Deadfall

Mike glanced at me.

“My father was recruited by the Green Dragons,” Kwan said. “I wasn’t even ten years old at the time, so I don’t remember much. Except I have a pretty vivid recollection of the first time I saw him with a gun.”

“I imagine that’s hard to forget,” I said.

“My mother left, Ms. Cooper,” Kwan said. “That was devastating to me. It was more than the gun, of course; it was my father’s transition to racketeering and to murder, but to me it was always symbolized by the gun.”

“Where did she go?”

“I’m not sure,” he said. “I only saw her once again after that day.”
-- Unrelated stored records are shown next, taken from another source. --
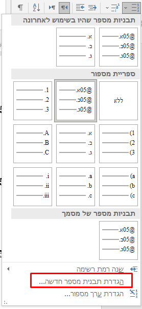 ובאפשרויות לסמן על עיצוב תבליטים ומספור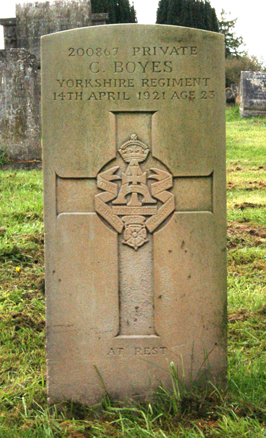 | Private C Boyes. 200867. 4th Battalion the Yorkshire Regiment. Son of Robert Boyes, of 2, Malpas Place, Northallerton. Died at home 14 April 1921. Aged 23. (Not listed in SDGW) "AT REST" |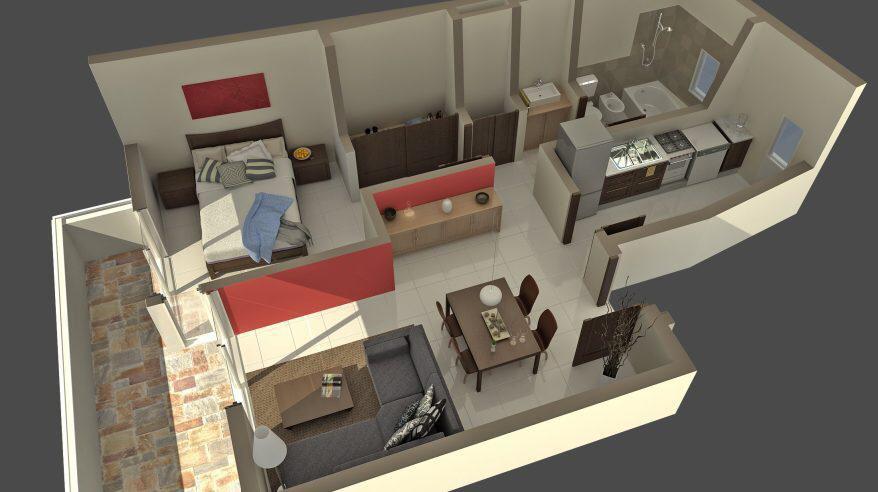 Un dormitorio, cocina separada del estar comedor.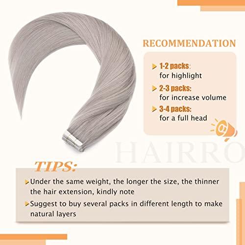 Hairro Hairro Tape In Hair Extensions Human Hair Tape Ins Glue In Skin Weft Rooted Tape On Hair Extensions Seamless Invisible Remy Hair Extensions For Women 14 inch 30g 20pcs #GREY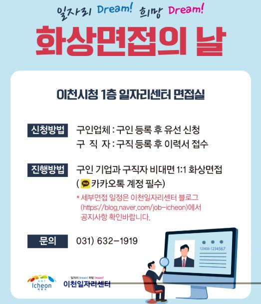 화상면접은 물론 구인이 필요한 기업과 일자리를 찾는 구직자라면 누구나 이천일자리센터로 연락하면 된다.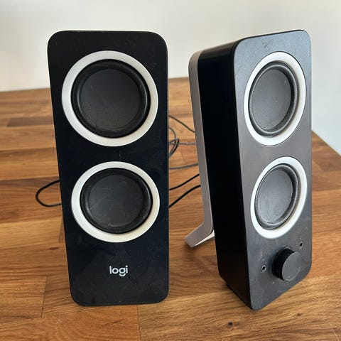Logitech Z150 PC-høyttalere med total uteffekt på 6W. Kablet tilkobling via 3,5 mm minijack. Volumkontroll og av/på-bryter på fronten av den ene høyttaleren. Kompakte, svarte stereohøyttalere egnet for bruk med PC, laptop eller andre enheter med hodetelefonutgang.

“When was that?” Mike asked.

“You were too young to be a cop back then, so perhaps you don’t know what the situation was,” Kwan said. “The only mistake an Asian gang member could make in those days was to victimize someone who wasn’t one of us. To kill a Caucasian, Detective. To kill a white man.”

Kwan stared at me to make sure I was listening.
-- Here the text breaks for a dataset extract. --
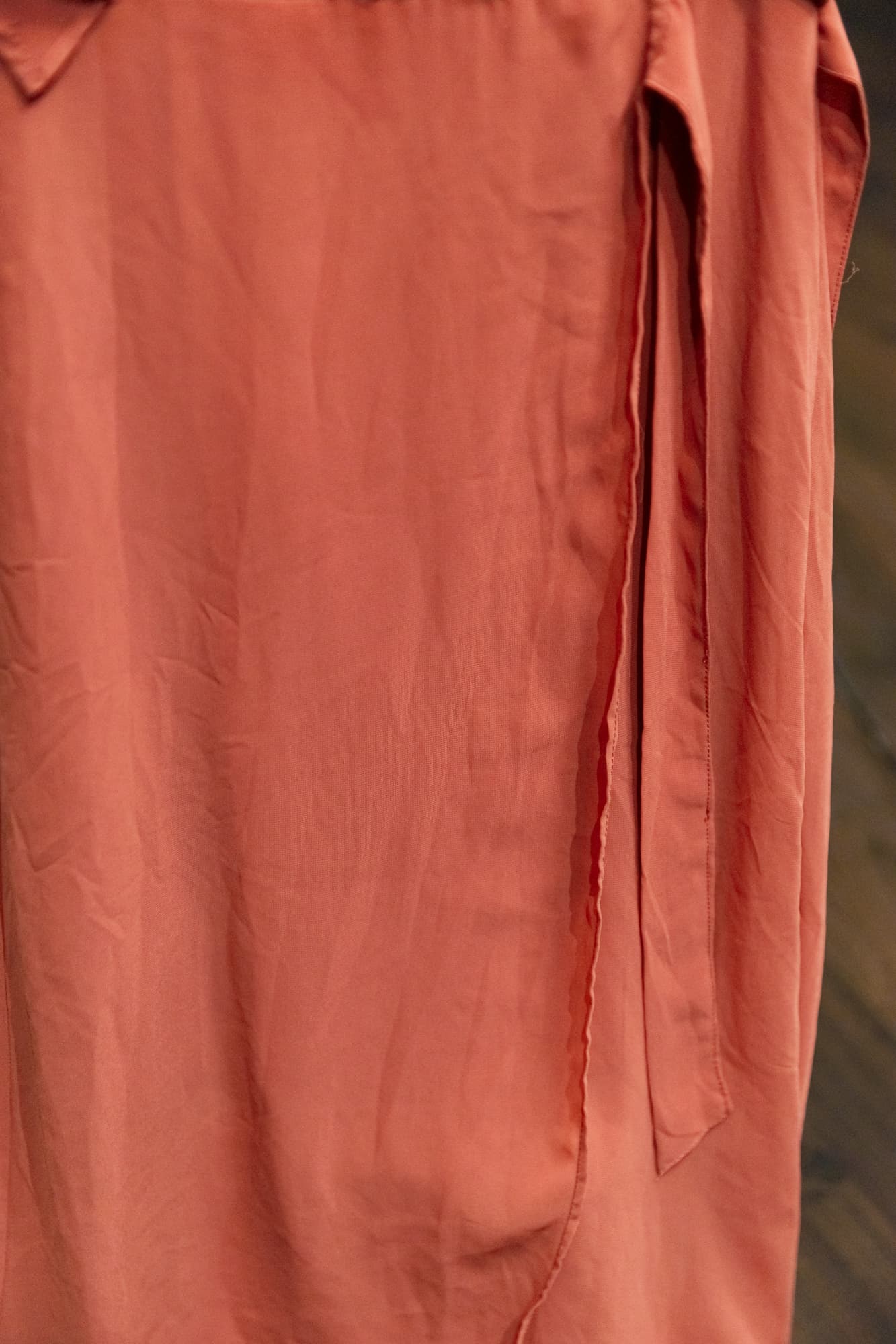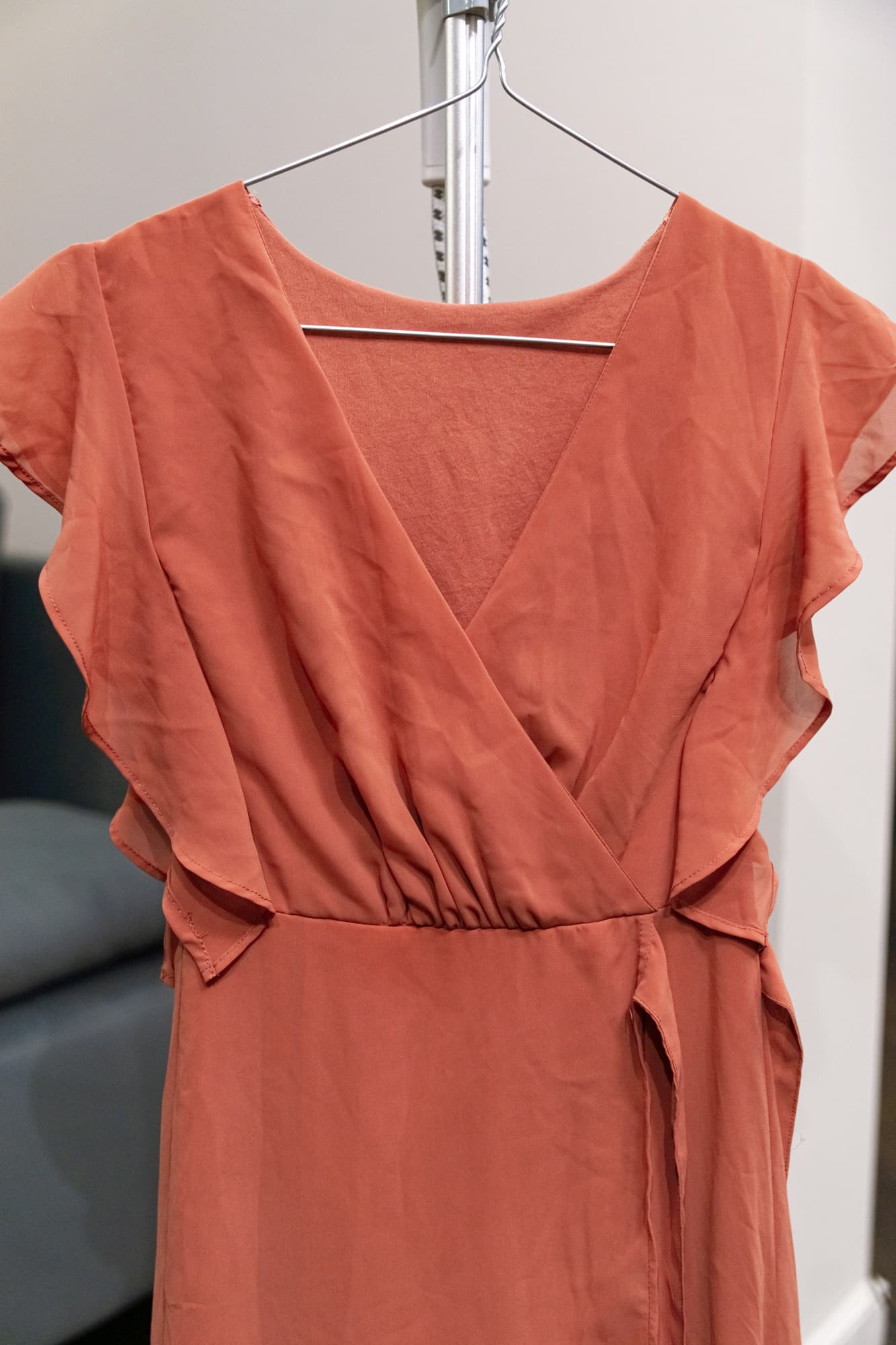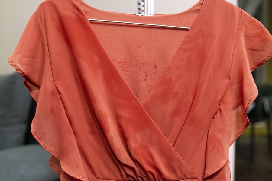 Шифон требует бережного обращения и на всякий случай отпаривать мы начали с самого низа. Быстро убедившись, что отпариватель благотворно влияет на материал, перешли на всю длину. Как и в предыдущих тестах, придерживали низ рукой и водили утюжком по ткани вплотную. Отпариватель совсем разошелся и вместе с паром несколько раз выплеснул на ткань приличную порцию воды. Она однако быстро высохла.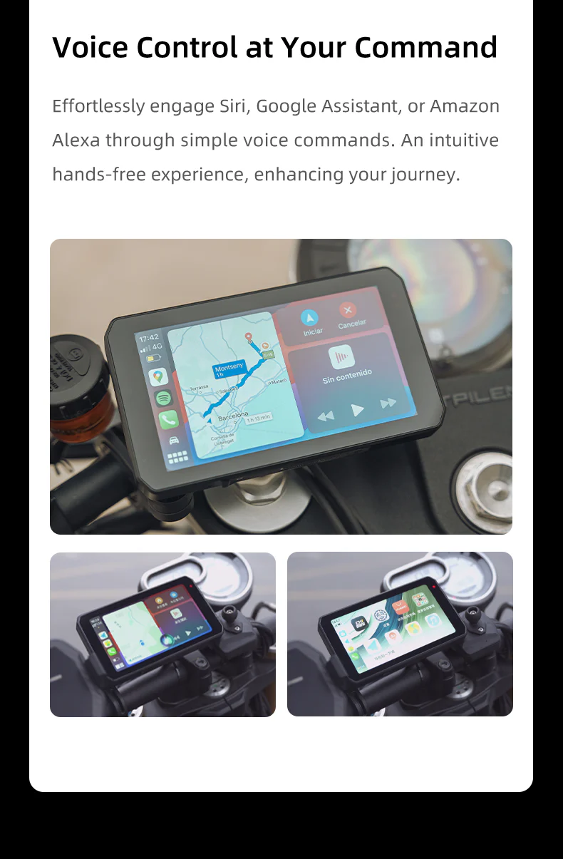 AIO-5 Play es un sistema de infoentretenimiento de última generación diseñado para motoristas que valoran la sencillez y el rendimiento. Diseñado para ofrecer la mejor experiencia CarPlay y Android Auto, este elegante dispositivo integra navegación, entretenimiento y conectividad de la forma más sencilla. Accede a tus apps favoritas, transmite música y obtén actualizaciones del tráfico en tiempo real con facilidad, todo ello sin perder la concentración en la carretera. Con su pantalla táctil de alta resolución y sus controles minimalistas, el AIO-5 Play Play ofrece una conducción ágil y sin distracciones sin comprometer la seguridad.

“That’s the only time the police ever came after any of us,” he said.

Mike held his tongue. He knew his own father’s integrity. He knew Kwan wasn’t right.
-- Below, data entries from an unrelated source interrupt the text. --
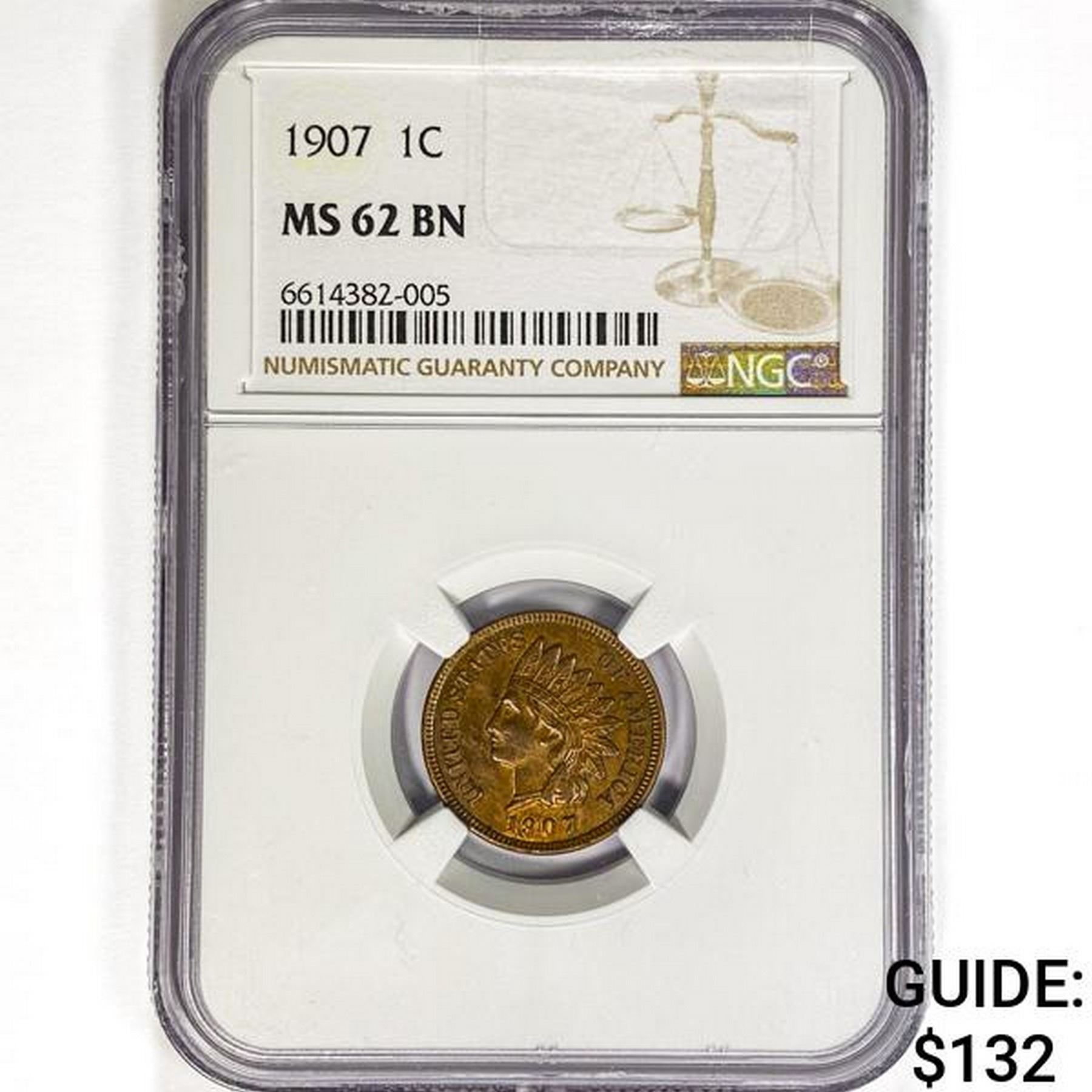 1907 Indian Head Cent NGC MS62 BN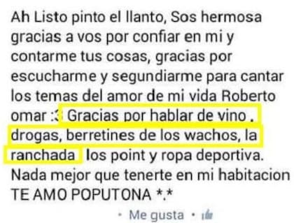 "Ah Listo pinto el llanto, Sos hermosa gracias a vos por confiar en mi y contarme tus cosas, gracias por escucharme y segundiarme para cantar los temas del amor de mi vida Rober omar Gracias por hablar de vino. drogas, berretines de los wacho, la ranchada los point y la ropa deportiva. Nada mejor que tenerte en mi habitación TE AMO POPUTONA."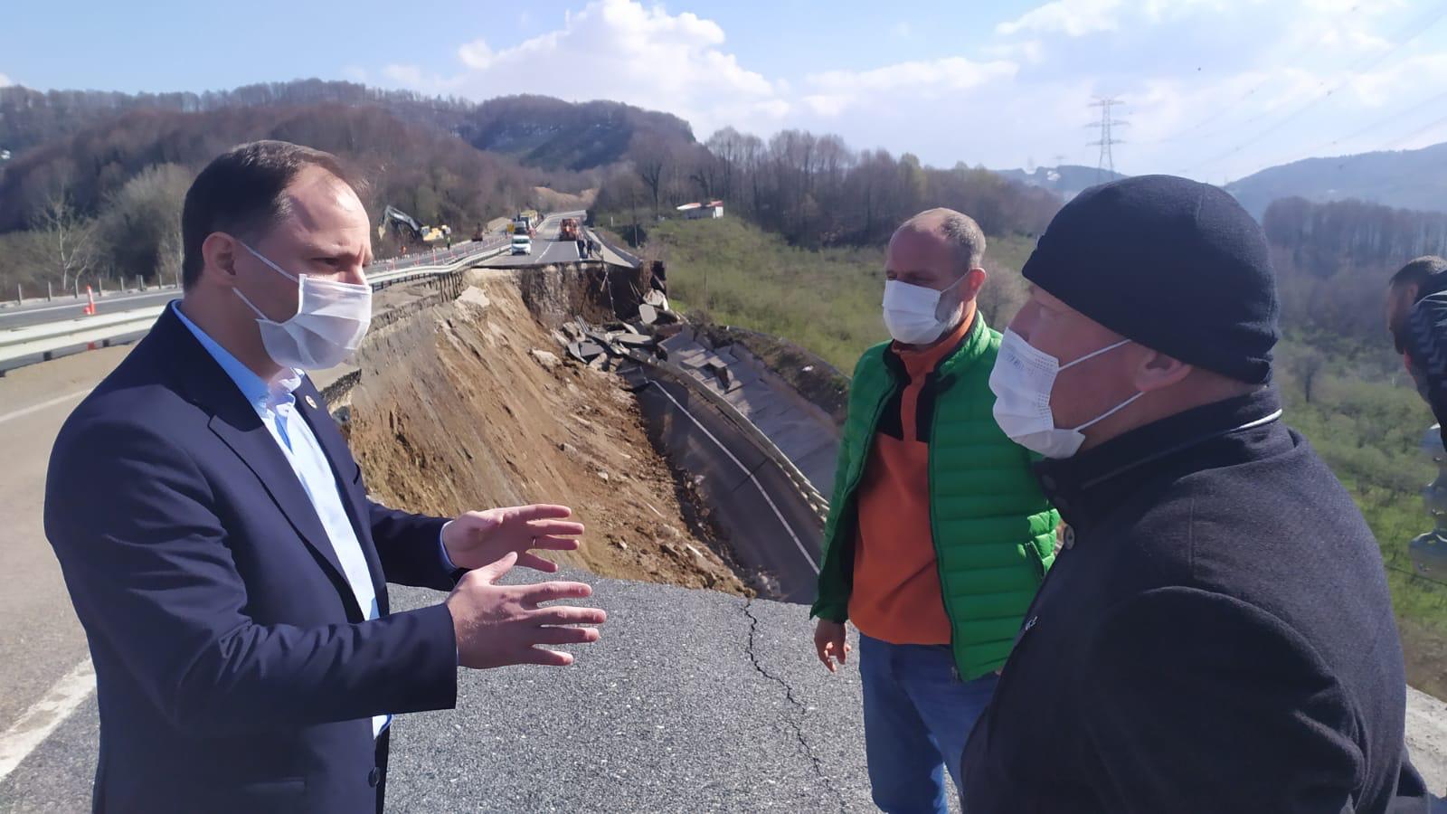 Zonguldak – Düzce karayolu 85 metre çöktü, bölgeye giden Yavuzyılmaz, yolu “Meteor Düşmüşe” benzetti.

“Your father killed someone?” I asked.

“That’s unclear, Ms. Cooper,” Kwan said. “He was part of a group of Green Dragons who kidnapped several rival gang members—”

“Which gang?” Mike asked.

“The Ghost Shadows, Detective, if that means anything to you.”

Mike’s expression didn’t change.

“There was a shootout in a Chinese restaurant in Queens,” Kwan said. “The Ghosts came looking for revenge, but in too public a place. They sprayed the front of the restaurant with gunfire, killing six or seven people inside. One of the dead men was simply picking up takeout for his family on a Thursday night. A white man.”

“That brought the NYPD down on the Dragons and the Ghost Shadows, I guess,” I said. “Did your father get caught up in the police action?”

“He didn’t, Ms. Cooper,” Kwan said. “But that’s only because he was one of the other people left on the restaurant floor. Ko-Lin Kwan—my father—didn’t get quite the investigative attention the white man’s murder did, but he was every bit as dead.”





FORTY-ONE


“Both gangs tried to recruit me, even though I was so young,” Kwan said. “The Green Dragons considered me family, and the Ghosts wanted me even more, so they could indoctrinate me and make me forget my past.”

“You went with the Dragons, I assume,” I said.

“Actually not. I was more afraid of the Ghost Shadows, because they had killed my father. I was foolish enough to think I could get inside their fold and, when I got older, pay them back for what they had done.”

“Bad story. Tired plot. I think you can stream that movie right now on Netflix,” Mike said.

“Who were you living with?” I asked.

“Neighbors, mostly,” Kwan said. “That’s when my mother reappeared, just for a day. Perhaps the happiest day of my life, but short-lived happiness it was.”

“Why?” I said. “Was she hurt too?”

“No. But she had come back to send me away—far away, to China—when she got word of my father’s murder,” he said. “To the good relatives, as she liked to call them.”

“The same day?”

“She had a fake passport made for me on Forty-Second Street—you could do that for twenty dollars back before 9/11, if you remember that. She took me to JFK in a taxi and loaded me on a flight to Hong Kong,” Kwan said. “My grandfather had his driver pick me up at the airport on that end and take me to his house—more accurate to call it a mansion. It was my introduction to Kwan Enterprises.”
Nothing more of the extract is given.